Glad I am not being unreasonable. I wouldn't mind him going solo but he wouldn't be able to take the car. The holiday we are on involves day's out with the other participants every day hiking and BBQing and doing "stuff". We couldn't be stranded at the campsite for 2 days and my parents campervan doesn't have enough seats for 2 add-ons. If he can sort a train from Yorkshire to Southern England I'd drop him at the station.

As for closeness to the cousin in question. They certainly never see or speak to each other outside of these family events. I think he saw her at Xmas at a family funeral DD and I couldn't attend but as far as I know they didn't talk (at least he didn't mention it but I assume she was there). He's never met her partner that I know of. He very much feels part of the clan and thinks these family events are really important. I have a tiny family and we rarely see each other so it all seems a bit odd to me! DD and I go when we can. We did a 40th wedding anniversary party last year and a Great-Nanas birthday a couple of years before that.

Ricoetbello Fri 27-Apr-18 09:50:40

How long have you known about the wedding? Did you know about it before you booked the holiday?
Considering you go every year to this holiday which is not abroad I don't see what the problem is.
Plus I'm sure they'all be other members of your DH family there that he might want to spend time with as well as them spending time with your children.

theeyeofthestormchaser Fri 27-Apr-18 09:53:54

You've already made plans! You can't go to the wedding! Simple.

If your h wants to go by himself, he can. You might be glad of the space. Your festival sounds great fun.
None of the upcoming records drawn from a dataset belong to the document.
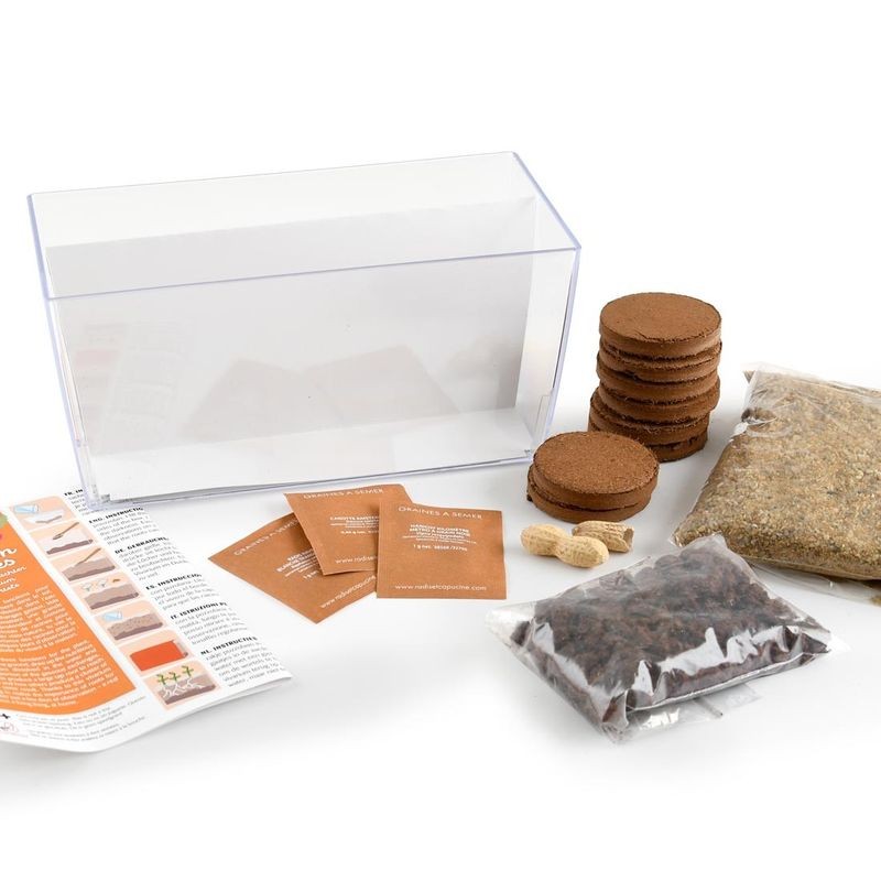 Contenu : 2 vivariums (26 x 12 x 13 cm), 1 sac de sable de 1,6 kg, 1 sac de terreau 3l, 3 graines d'arachide, des graines à semer : 2 sachets de radis rave, 2 sachets de carottes, 2 sachets de haricots, 600g de pouzzolane, 1 notice d'explication.
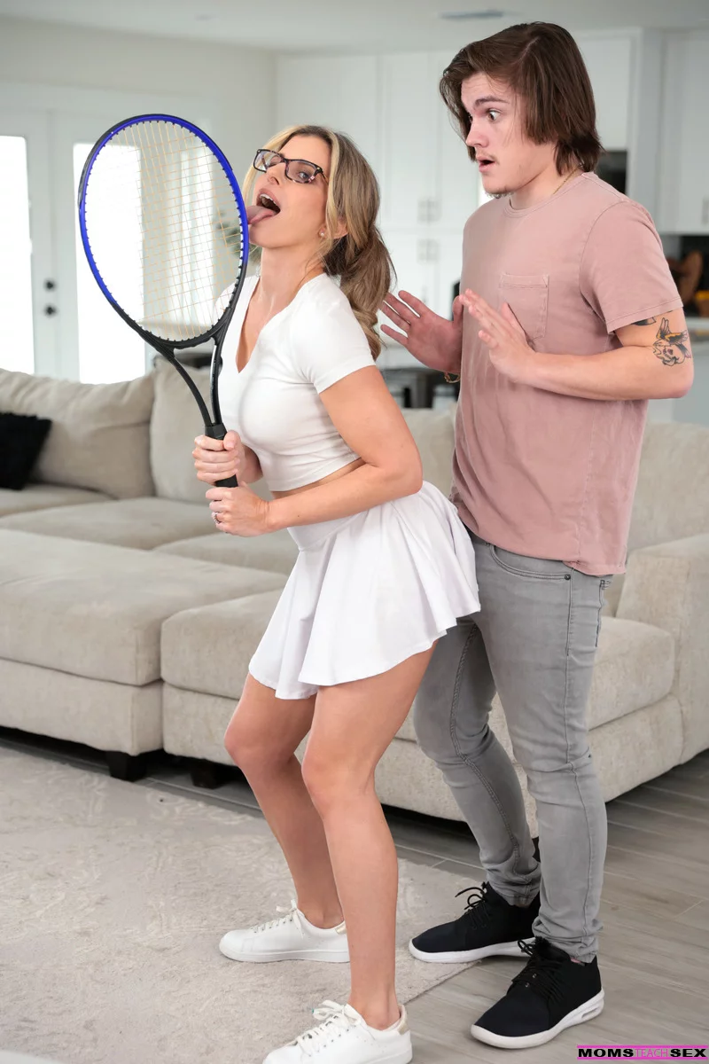 Белокурая леди Кори Чейз занимается сексом со своим пасынком в своем теннисном костюме
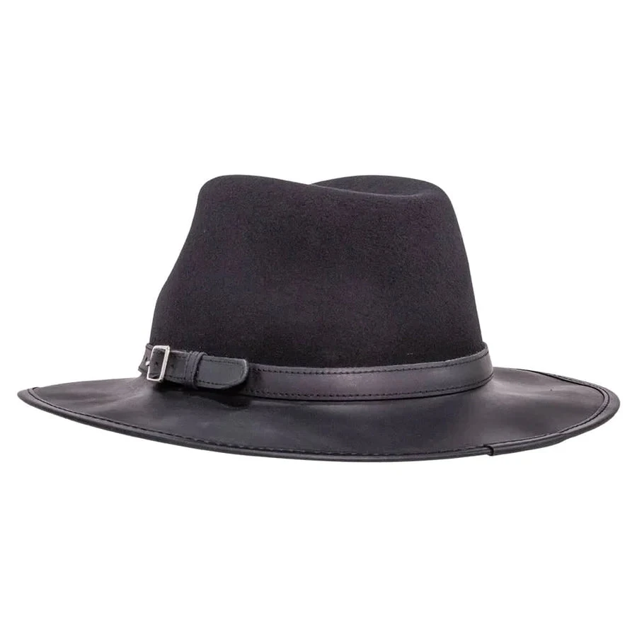 One of our newest additions to the American Outback Hat Collection, the Summit Felt Leather Fedora Hat boasts a timeless, classic look. Made from luxurious full grain American cowhide leathers and beautiful felt.
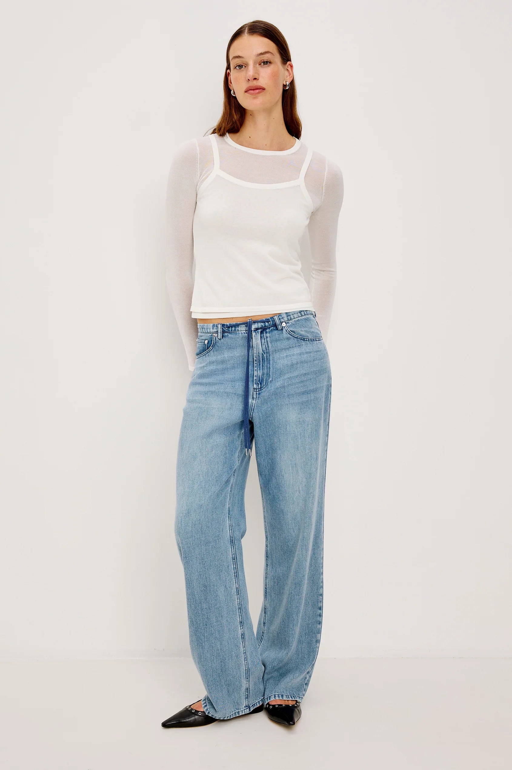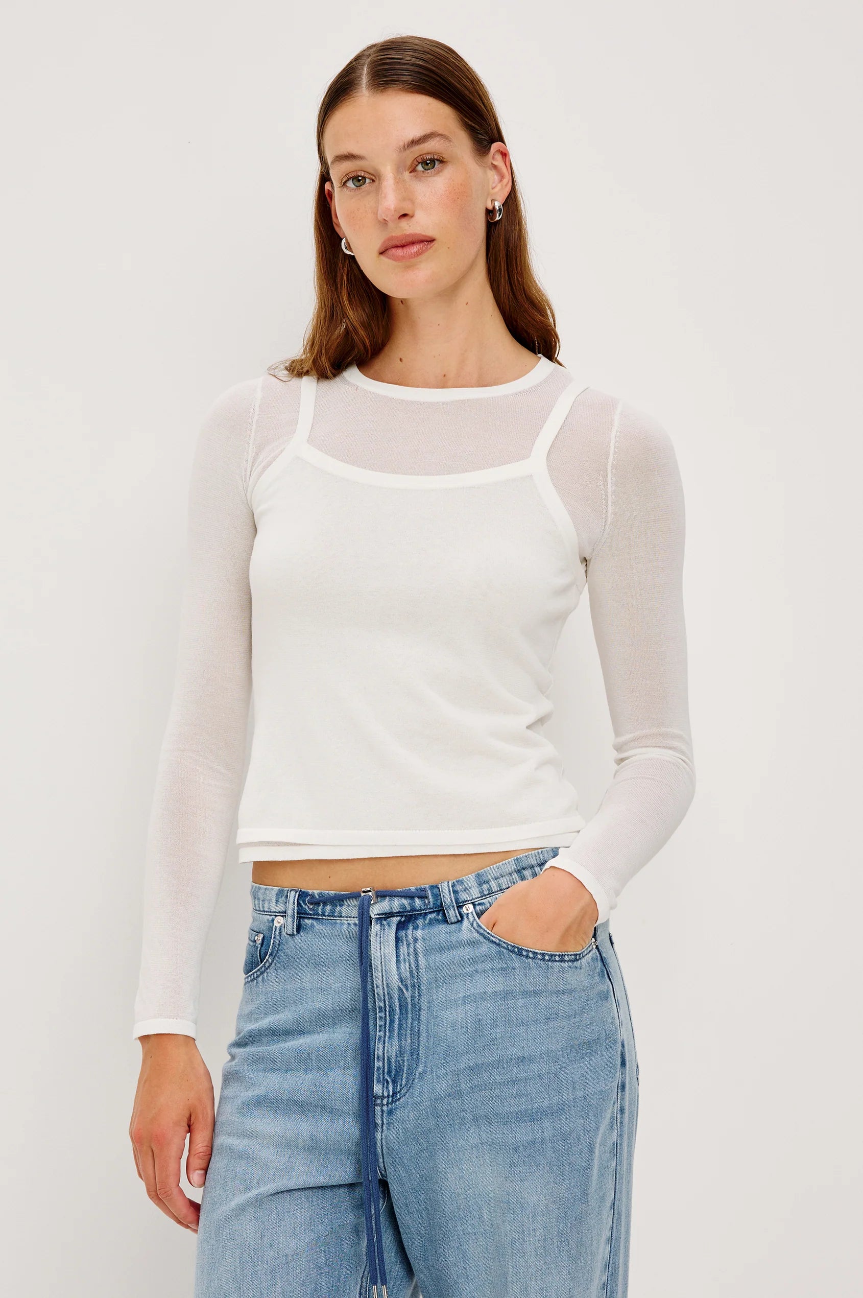 The Lovisa is a cotton top with built-in dimension. A lightweight tank and long-sleeve crewneck come together in a tonal layered look.

ClopChops Fri 27-Apr-18 09:56:36

Yeah definitely decline.

Also, I hope this doesn’t sound rude, but if you’re not close to these cousins it’s possible you were invited out of politeness and they might not mind too much you not being there I was thrilled when our cousins declined our wedding invitation

yorkshireyummymummy Fri 27-Apr-18 10:02:56

Booked holiday trumps wedding or relative that you don’t see much.
Politely decline and send a nice card with an M&S voucher in it.

Then, go on holiday with your family and try to repair your own marriage. Spend time with your hubby. Your marriage is much more important than a distant relatives.
Hope you have a super time. As you can see by my user name I think Yorkshire is the best place on the planet!!

ShinyShooney Fri 27-Apr-18 10:18:23

I am confused by your DD being an only child but having a niece and nephew confused

Cath2907 Fri 27-Apr-18 11:12:18

I have one child, my sister has 2 and my SIL has 4 so I actually have 2 nieces and 2 nephews. Only my sister kids would be on the holiday though. 3 kids camping, only 1 is mine! They are her cousins, my niece and nephew sorry!

BrownTurkey Fri 27-Apr-18 13:11:22

I think it is his call in these circumstances. You can of course say and do what you wish.

Jeni29 Fri 27-Apr-18 13:23:25

We had a very similar issue, my BEST FRIEND was getting married and we had a holiday booked. We don’t get out much and I explained to my friend that I wouldn’t be able to make it. They then changed the wedding date (it wasn’t set in stone, I am also sure other factors came into it)
Anyway, it’s the weekend before we go away, as both are at the other end of the country we couldn’t do both. Not to mention moving house two weeks prior to that, to add to things.
So, I’m going to the wedding, leaving OH and kids behind.
You just need to do what’s practical, as others have said, you stay and let OH go.